• Exercise objective
Beginning with the line that contains "圖為圖為殘疾人學員在天水市農", reproduce the remaining lines of the material exactly, up to and including the last one, but no pictures.

• Exercise data
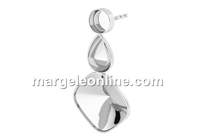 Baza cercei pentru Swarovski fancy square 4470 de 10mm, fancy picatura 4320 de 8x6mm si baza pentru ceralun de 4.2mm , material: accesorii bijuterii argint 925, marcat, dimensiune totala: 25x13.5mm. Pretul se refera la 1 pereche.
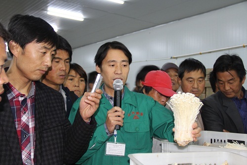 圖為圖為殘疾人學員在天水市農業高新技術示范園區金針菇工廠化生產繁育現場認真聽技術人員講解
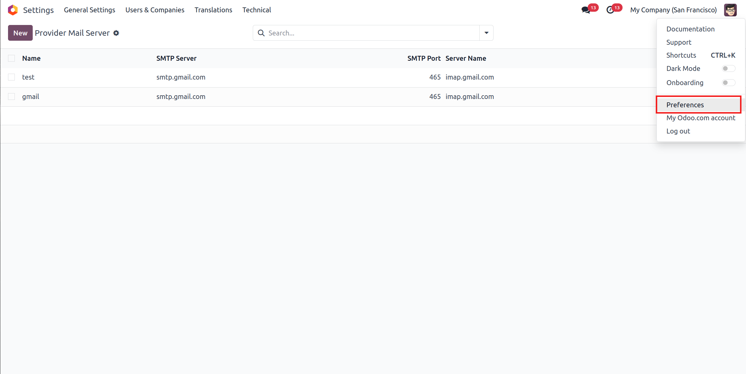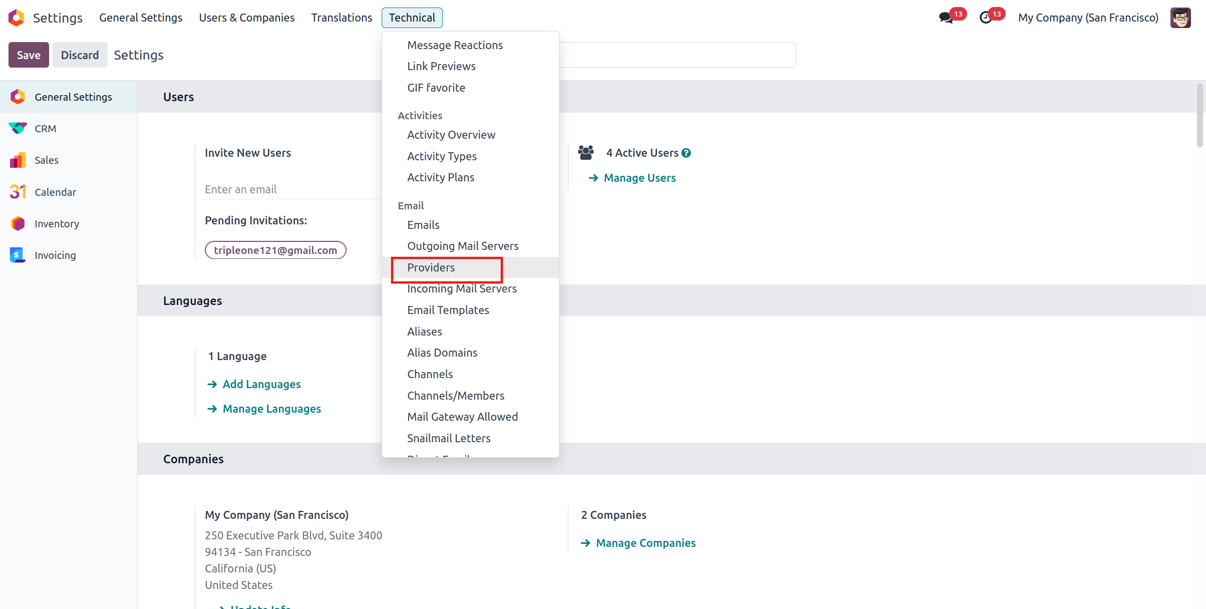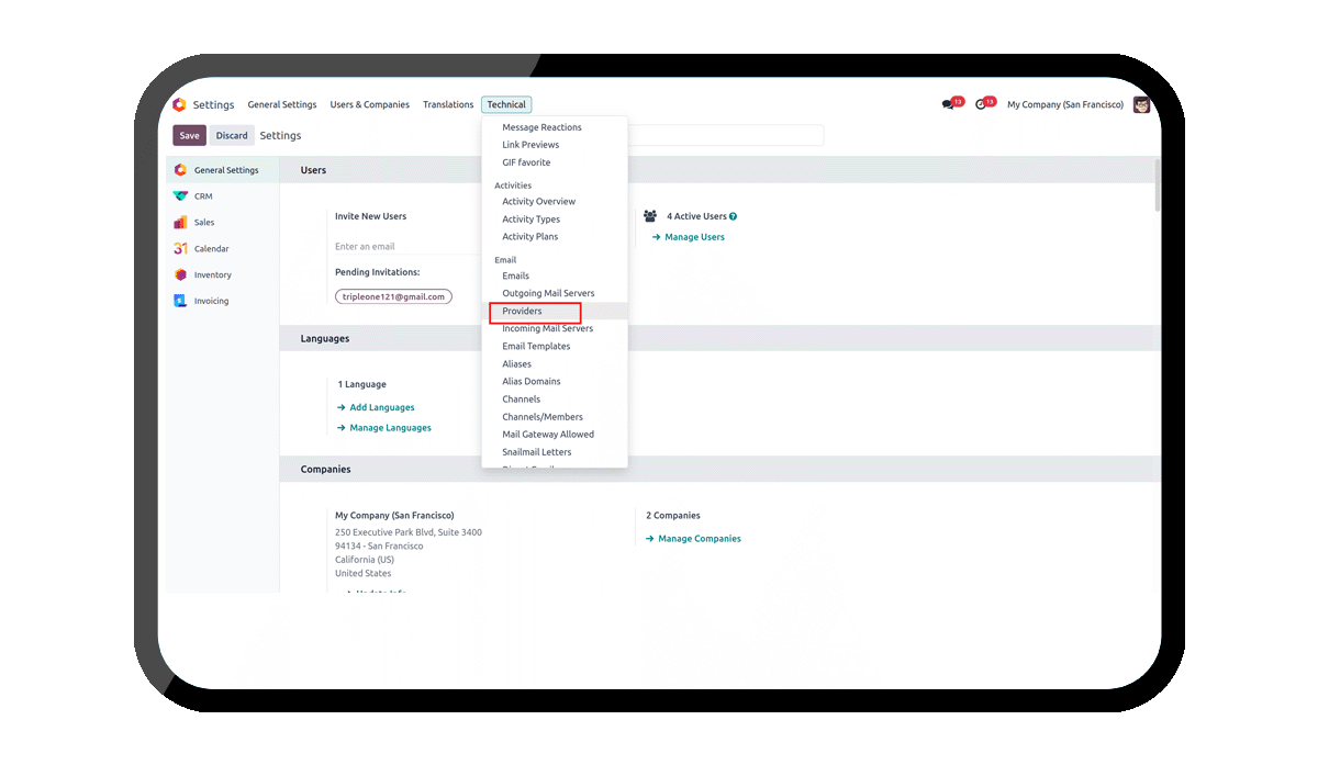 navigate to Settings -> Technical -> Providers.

• Task solution
 圖為圖為殘疾人學員在天水市農業高新技術示范園區金針菇工廠化生產繁育現場認真聽技術人員講解
 navigate to Settings -> Technical -> Providers.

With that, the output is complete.